Yet another attempt by far right Florida Republicans to not let the market speak for itself, but try to predetermine what people should take in university based on a BS idea of what leads to jobs and what doesn’t. This is just attempted thought control, brought on by the fact that Republicans can’t win the war of ideas so they have to resort to minimizing those ideas and disincentivizing those who might be interested in them. What they want, as I’ve said many times, is the mall of ideas, not the marketplace of ideas. They want the store shelves stocked with the stuff they like, and they want the shoppers to buy those ideas as if there were no others that were better.
Standard disclaimers – no not every idea from conservatives is bad. But any of these categories in the US, like “conservative”, “liberal”, even “socialist”, is highly malleable and dependent on the time and place. For these people, “conservative” basically means “ideas we and our people like and what pisses off liberals”, while “liberal” means “stuff we don’t like”.
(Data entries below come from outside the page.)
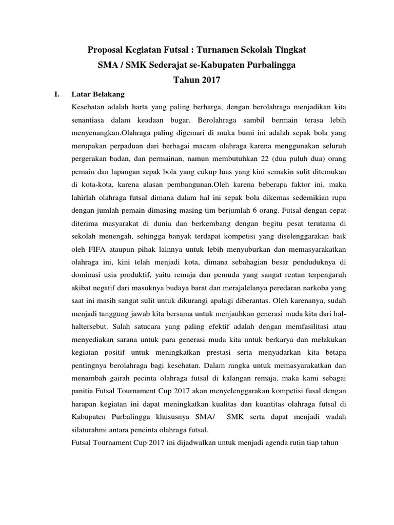 Contoh Proposal Kegiatan Turnamen / Contoh Proposal Pengajuan Dana Untuk Mengikuti Turnamen Futsal Berbagi Contoh Proposal / Tujuan kegiatan tujuan turnamen ini diselenggarakan adalah antara lain: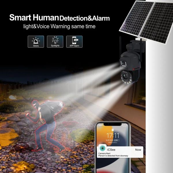 6MP 36X Zoom Icsee APP 4G Solar Security Camera Kits$269
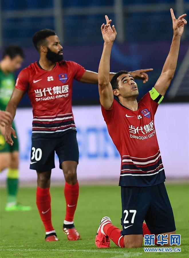9月1日晚,2020赛季中超联赛第一阶段第八轮比赛收官。29日,失去了头号射手扎哈维的广州富力队难阻连败,0:2输给了深圳佳兆业队。大连人队终于品尝到了胜利的味道,凭借林良铭的进球,他们1:0力克山东鲁能队,终结了对手的四连胜。30日,凭借两名外援的5个入球,江苏苏宁5:2大胜河南建业,结束了近3轮不胜局面。在另一场比赛中,申花队的曹赟定用一记世界波首开纪录,恒大队的塔利斯卡随后将比分扳平,费南多在下半场造成对手乌龙并贡献一粒进球,艾克森点球命中,广州恒大4:1大胜上海申花。31日,苏州赛区迎来第八轮的两场比赛,赛区“领头羊”上海上港与排名垫底的天津泰达的“首尾之战”,以上港4:1大胜告终;而在“升班马”石家庄永昌与河北华夏幸福的“河北德比”中,永昌3:1笑到最后。9月1日,凭借U23小将胡靖航上半场的梅开二度和埃弗拉的下半场破门,武汉卓尔3:0青岛黄海,第一阶段双杀对手。巴坎布完成“大四喜”并助攻王子铭进球,北京中赫国安5:2大胜重庆当代。 北京中赫国安 5-2 重庆当代 9月1日,在2020中超联赛第一阶段第八轮最后一场比赛中,巴坎布完成“大四喜”并助攻王子铭取得进球,帮助北京中赫国安5:2大胜重庆当代,终结球队三轮不胜的尴尬局面。 中超第一阶段赛程过半后,国安位列苏州赛区第二,与榜首的上海上港有3分的差距。此役面对在前七轮一胜三平三负、表现平平的重庆当代,近3场比赛未尝胜绩的国安抢分欲望强烈。 第12分钟,张稀哲中场送出精准直塞,巴坎布一路将球带至禁区,面对门将冷静推射远角破门,个人连续四轮有进球入账,国安1:0取得领先。第43分钟,比埃拉中场分球给右路高速插上的王子铭,后者将球带至禁区后横传中路,门前包抄的巴坎布推射得手。重庆队在上半场补时阶段抓住机会,卡尔德克头球顶近角破门,为重庆队扳回一城。 下半场刚开场一分钟,王子铭便为国安打入第三粒进球。巴坎布右侧带球传至禁区中路,王子铭接球后推射破门。国安的第四粒进球在一分钟后到来,重庆队后防出现失误,巴坎布禁区内捡漏将球推射入网。三球领先的国安并未就此罢手,第63分钟,张稀哲左侧挑传至中路,巴坎布在无人看防的情况下爆射破门,完成“大四喜”。下半场临近结束,国安韩国外援金玟哉禁区内滑铲犯规,裁判果断判罚点球,虽然费尔南迪尼奥将点球罚入,但也只能目送球队送给国安一场大胜。 图为9月1日,重庆当代队球员卡尔德克(右)在比赛中庆祝进球。 新华社记者季春鹏摄
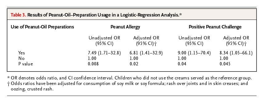 ■ 面接データの解析は、ピーナッツオイルを含有するスキンケア用品の使用(オッズ比、6.8; 95%信頼区間、1.4〜32.9)とピーナッツアレルギーに独立した有意な関連を示した。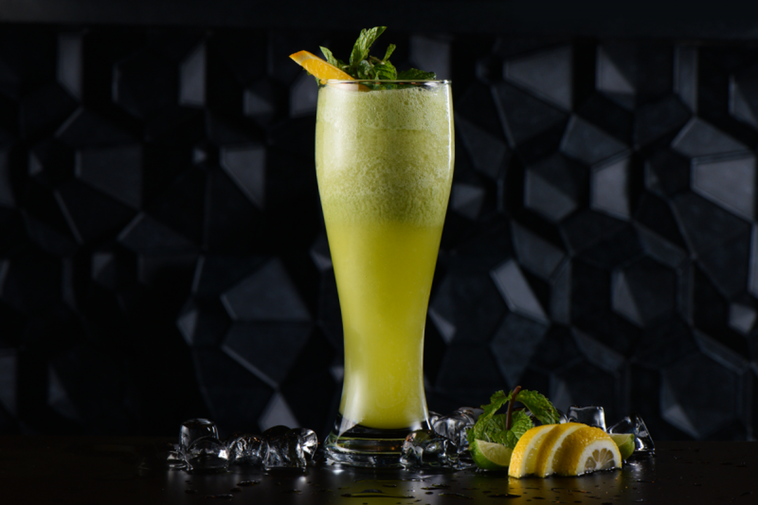 حمسة الحلوم الذهبية مع الفلفل الحلو و الخضار الطازجة (بصل,طماطم) و أوراق النعنع الطازجة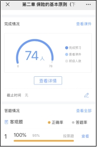3月15日在雨课堂发布手机课件,布置自主学习任务(图1),预告学生教学内容及目标、学习资源(中国大学慕课视频资源、教材资料)、课中需要讨论的三个案例,让学生带着案例进行预习,引导学生尝试解决案例中的问题(图2、3、4、5)。从预习反馈看,74位同学完成预习,并作答了课件中的预习题,整体较好(图6)。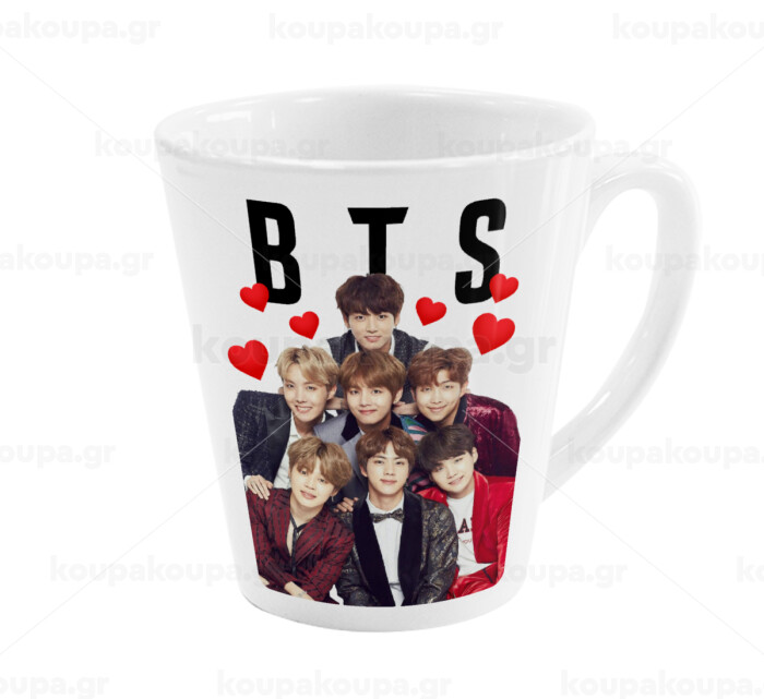 BTS hearts, Κούπα κωνική Latte Λευκή, κεραμική, 300ml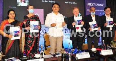 DCM Ashwath Narayan with Jette Bjerrum, Consul General of Denmark, Jeremy Pilmore Bedford, UK Deputy High Commissioner and others releasing a brochure during a press conference on “Bengaluru Tech Summit 2020” at a private hotel, in Bengaluru on Monday 9th November 2020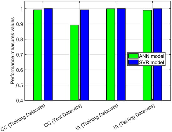 The input variables are forecasted to project the road transportation energy demand for Saudi Arabia between 2017 and 2030 (Figure 7 and Figure 8). Both the training (1976–2004) and testing (2005–2017) datasets are used to assess the created model’s efficacy. The model appears to produce results near the observed values for both training and testing datasets. Figure 9 presents the comparative illustrations of the machine learning models predicted energy demand for the road transportation sector of Saudi Arabia with actual energy demand. As can be seen, the SVR model predicted numbers are much closer to the actual numbers than ANN predicted numbers. Therefore, the superiority of the SVR model over the ANN model for the case under study (Saudi Arabia’s transportation sector energy prediction) is verified. The effectiveness of the model is assessed with the help of the root mean squared error (RMSE), mean absolute error (MAE), mean absolute percentage error (MAPE), correlation coefficient (CC), and Willmott’s index of agreement (IA). The values of IA for an ideal match and complete disagreement are 1 and 0, respectively [59]. The created model shows satisfactory performance on the training and testing datasets, as shown by the estimated values of the investigated performance measures (Table 5). The comparative analyses of the achieved performance indices for both machine-learning models are presented in Figure 10.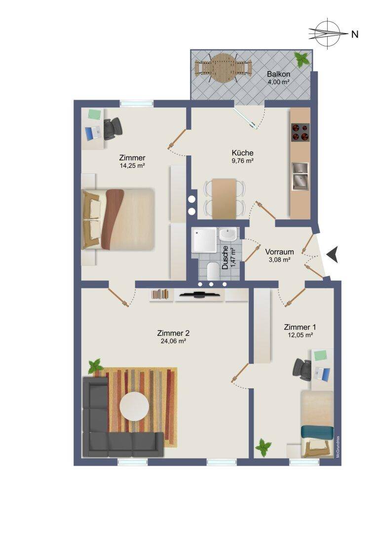 Grüner Ausblick & Absolute Ruhe: Vermietete 3 Zimmer mit Balkon in Einbahnstraßen-Idyll in Graz-Eggenberg!

So, if we just look at what these reactionaries do, rather than what they say, we can see what they stand for, or rather, what they stand against, which is the same thing. They stand for what they think will make people lots of money (whether it will or not is another question) and, equally importantly, keep them docile and prone to consume.
Their idea of the university is literally just a job training depot. All the complex problems of the modern world should not be solved by careful examination and research, by bringing the best minds into conversation, by interdisciplinary teams, but by the market. This market fundamentalism is not defended, nor can it be. It is an evangelical faith, revealed by…someone, Ayn Rand maybe, or some other dimly understood, overly simplified philosopher or economist. Like I say, it’s not that many conservative ideas are not considered, it is that they have been considered and found wanting. They appeal only to their own literature and their own faith basis. And so, they need to be propped up politically.
That’s what this is – propping up a version of education that can’t stand up to real scrutiny and real research. Where’s the research that says we should only train people in something that leads to a job? How do we know this? How do we know the jobs of the future? Is it any job, or an approved list of jobs? What about people with multiple skill areas? What about a Steve Jobs, who was as much a design and art person as he was a technology person? This is a vacuous plan, made by resentful, small people who can’t win their arguments by reason. This is Republicanism today.